Miami Marlins – No. 31
- Pitcher
- Born: December 25, 2000 (age 25) Conyers, Georgia, U.S.
- Bats: RightThrows: Right

MLB debut
- June 20, 2024, for the Milwaukee Brewers

MLB statistics (through 2026 season)
- Win–loss record: 3–9
- Earned run average: 7.87
- Strikeouts: 59
- Stats at Baseball Reference

Teams
- Milwaukee Brewers (2024); Colorado Rockies (2024–2025); Miami Marlins (2026–present);

= Bradley Blalock =

American baseball player (born 2000)

Bradley Christopher Blalock (BLAY-lock, born December 25, 2000) is an American professional baseball pitcher for the Miami Marlins of Major League Baseball (MLB). He has previously played in MLB for the Milwaukee Brewers and Colorado Rockies.

==Career==
===Boston Red Sox===
Blalock attended Grayson High School in Loganville, Georgia. He was high school teammates with fellow future Major League Baseball (MLB) player Parker Meadows. The Boston Red Sox drafted Blalock in the 32nd round, with the 977th overall selection of the 2019 MLB draft. He made his professional debut with the rookie-level Gulf Coast League Red Sox, logging a 6.75 ERA in 4 games (3 starts). He did not play in a game in 2020 due to the cancellation of the minor league season because of the COVID-19 pandemic.

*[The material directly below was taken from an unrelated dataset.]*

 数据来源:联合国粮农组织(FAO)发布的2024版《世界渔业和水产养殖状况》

Blalock spent the 2021 campaign with the Single-A Salem Red Sox, making 23 starts and compiling a 3–6 record and 4.27 ERA with 85 strikeouts over 86 1/3 innings pitched. He underwent Tommy John surgery in March 2022 and missed the entirety of the season as a result. Blalock began the 2023 season in late May with Salem and was promoted to the High-A Greenville Drive after four starts. In seven starts for Greenville, he recorded a 5–1 record and 2.55 ERA with 36 strikeouts across 35 1/3 innings pitched.

===Milwaukee Brewers===
On August 1, 2023, the Red Sox traded Blalock to the Milwaukee Brewers for Luis Urías. Blalock made 4 starts for the High-A Wisconsin Timber Rattlers, posting a 5.27 ERA with 17 strikeouts across 13 2/3 innings. His season ended when he went on the disabled list on August 28 with a strained oblique muscle. On November 13, the Brewers added Blalock to their 40-man roster to protect him from the Rule 5 draft.

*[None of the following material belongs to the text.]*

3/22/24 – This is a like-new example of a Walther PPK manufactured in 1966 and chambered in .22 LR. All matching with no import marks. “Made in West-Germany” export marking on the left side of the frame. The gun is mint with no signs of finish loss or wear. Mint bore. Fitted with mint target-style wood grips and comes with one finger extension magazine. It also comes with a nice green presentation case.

Blalock was optioned to the Double-A Biloxi Shuckers to begin the 2024 season. In 7 starts for Biloxi, he recorded a 2.27 ERA with 29 strikeouts across 35 2/3 innings pitched. On May 20, Blalock was promoted to the major leagues for the first time. However, he did not play in a game and was optioned back to Biloxi on May 24, briefly becoming a phantom ballplayer. On June 19, Blalock was promoted to the major leagues again, and he made his MLB debut the following day. After pitching one scoreless inning against the San Diego Padres, he returned to the minors.

===Colorado Rockies===
On July 27, 2024, Milwaukee traded Blalock and Yujanyer Herrera to the Colorado Rockies in exchange for Nick Mears. Blalock made his Rockies debut on August 12 against the Arizona Diamondbacks. Over 5 2/3 innings, he gave up six hits, three runs, and struck out four. On August 24, Blalock earned his first career win against the eventual American League champion New York Yankees. Through the rest of the season, Blalock made six appearances, finishing the season with a 5.87 ERA in 30 2/3 innings pitched.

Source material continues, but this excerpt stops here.